▶ _DATA_
■ ■ ■

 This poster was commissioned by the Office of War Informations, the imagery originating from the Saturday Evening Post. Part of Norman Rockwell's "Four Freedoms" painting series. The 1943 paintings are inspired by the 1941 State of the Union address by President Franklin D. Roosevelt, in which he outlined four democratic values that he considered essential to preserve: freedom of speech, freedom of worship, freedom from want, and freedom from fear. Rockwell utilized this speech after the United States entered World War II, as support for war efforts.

■ ■ ■

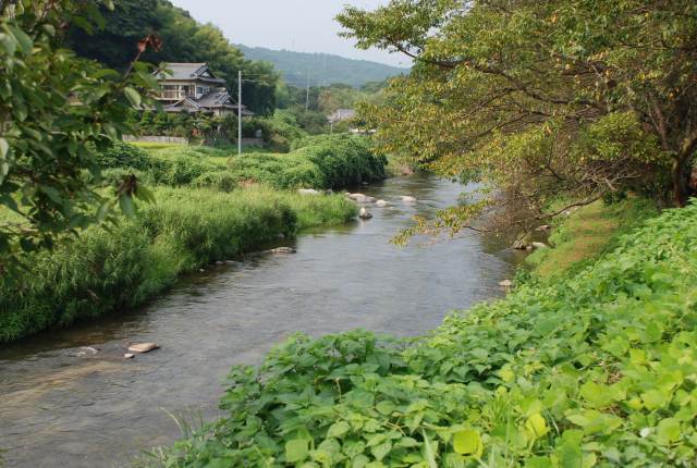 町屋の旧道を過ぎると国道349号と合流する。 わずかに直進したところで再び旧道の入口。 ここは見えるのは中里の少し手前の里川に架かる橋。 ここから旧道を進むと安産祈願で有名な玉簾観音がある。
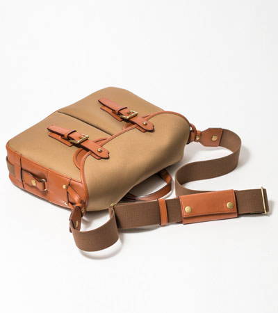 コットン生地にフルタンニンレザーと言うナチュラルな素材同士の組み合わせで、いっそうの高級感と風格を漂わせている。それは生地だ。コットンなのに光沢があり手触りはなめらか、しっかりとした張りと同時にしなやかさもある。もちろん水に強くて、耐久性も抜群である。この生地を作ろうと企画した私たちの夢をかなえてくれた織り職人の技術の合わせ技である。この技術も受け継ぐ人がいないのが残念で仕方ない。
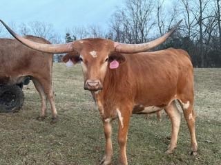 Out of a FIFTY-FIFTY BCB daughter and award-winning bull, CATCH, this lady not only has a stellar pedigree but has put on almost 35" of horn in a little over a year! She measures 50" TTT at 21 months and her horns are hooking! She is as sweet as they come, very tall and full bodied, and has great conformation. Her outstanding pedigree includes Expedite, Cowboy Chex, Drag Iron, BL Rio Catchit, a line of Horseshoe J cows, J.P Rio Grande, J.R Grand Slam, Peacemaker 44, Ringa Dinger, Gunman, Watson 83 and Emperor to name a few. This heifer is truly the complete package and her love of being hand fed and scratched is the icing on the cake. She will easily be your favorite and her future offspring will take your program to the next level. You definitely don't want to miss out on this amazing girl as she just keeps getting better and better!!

■ ■ ■

▶ _REQUIRED ACTION_
Set down, exactly as written above, each line from the one with "コットン生地にフルタンニンレ" through the one with "Out of a FIFTY-FIFTY", and skip the pictures.

▶ _RESULT OF THIS TASK_
 コットン生地にフルタンニンレザーと言うナチュラルな素材同士の組み合わせで、いっそうの高級感と風格を漂わせている。それは生地だ。コットンなのに光沢があり手触りはなめらか、しっかりとした張りと同時にしなやかさもある。もちろん水に強くて、耐久性も抜群である。この生地を作ろうと企画した私たちの夢をかなえてくれた織り職人の技術の合わせ技である。この技術も受け継ぐ人がいないのが残念で仕方ない。
 Out of a FIFTY-FIFTY BCB daughter and award-winning bull, CATCH, this lady not only has a stellar pedigree but has put on almost 35" of horn in a little over a year! She measures 50" TTT at 21 months and her horns are hooking! She is as sweet as they come, very tall and full bodied, and has great conformation. Her outstanding pedigree includes Expedite, Cowboy Chex, Drag Iron, BL Rio Catchit, a line of Horseshoe J cows, J.P Rio Grande, J.R Grand Slam, Peacemaker 44, Ringa Dinger, Gunman, Watson 83 and Emperor to name a few. This heifer is truly the complete package and her love of being hand fed and scratched is the icing on the cake. She will easily be your favorite and her future offspring will take your program to the next level. You definitely don't want to miss out on this amazing girl as she just keeps getting better and better!!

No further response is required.